The Truth Behind Why I Feel Like A Shitty Mom
Before I even begin this, I have to say that this isn’t a pity party or that I’m being dramatic. It’s the honest truth of how I feel and so I thought it was worth sharing in case you find yourself feeling this way as well. And hopefully you can find comfort in some shared experience and realizations while also gaining some inspiration on how to make some positive changes in your parenting for both you and your child(ren).
It's no secret we all carry trauma, whether it has yet to come to your realization or whether you've “faced” it. It will always be a part of us. I think the thing we don't realize is how much some of our trauma affects the decisions we make in our daily lives. For me, it was a realization that I was being a “ bad” mom because my unresolved trauma was leading the way, rather than my healthy self. As a child, I quickly matured and took on a lot of heavy things. I have a lot of resentment and hurt from my childhood. I used to think my perfectionism and fear of the unknown, maturity, and strong empathy were all just my personality. And yes, I think bits of it is “nature” but they have a lot to do with trauma response as well.
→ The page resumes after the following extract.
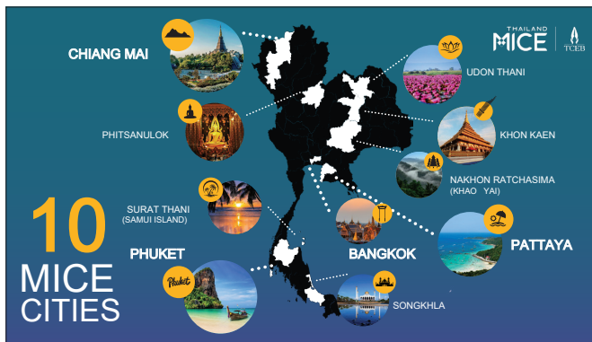
スパニッチ部長の発表資料

タイの事例では、TCEBがMICE産業のコネクターとして、全国の主要MICE都市をつなぎ、政府機関と民間事業者のマッチングを行い、主要都市だけでなく10のMICE都市へと機会を広げている。各都市は独自の強みと体験を持ち、会議・インセンティブ旅行・地域文化と連動したイベントなど多様なMICEを実施可能である。また、地域の祭りを国際市場に向けたプロモーションに活用し、文化とMICEを組み合わせることで価値創造を可能にしており、チェンマイでは年間12の祭りや連携した取組が行われている。戦略的な協働は、短期成果のみならず目的地の価値を長期的に高め、価格競争ではなく独自性・体験価値で競争する基盤となる。MICEを地方へ広げることで経済の強靱性・持続性が高まり、バランスある地域開発が観光業界全体の発展を可能にする。

After months of self reflecting and healing, I started to see how these trauma responses were sprouting up in my mothering. The constant need for control, the short temper, difficulty letting loose/having fun, struggle with spontaneity, the stress of wanting things to be done just right, the fear of losing my kids and husband, the lack of trust, difficulty getting close, feeling worthless if I wasn't perfect and accepted. I started to see the situations in which these things affected my life in seemingly unnoticeable and/or seemingly harmless ways.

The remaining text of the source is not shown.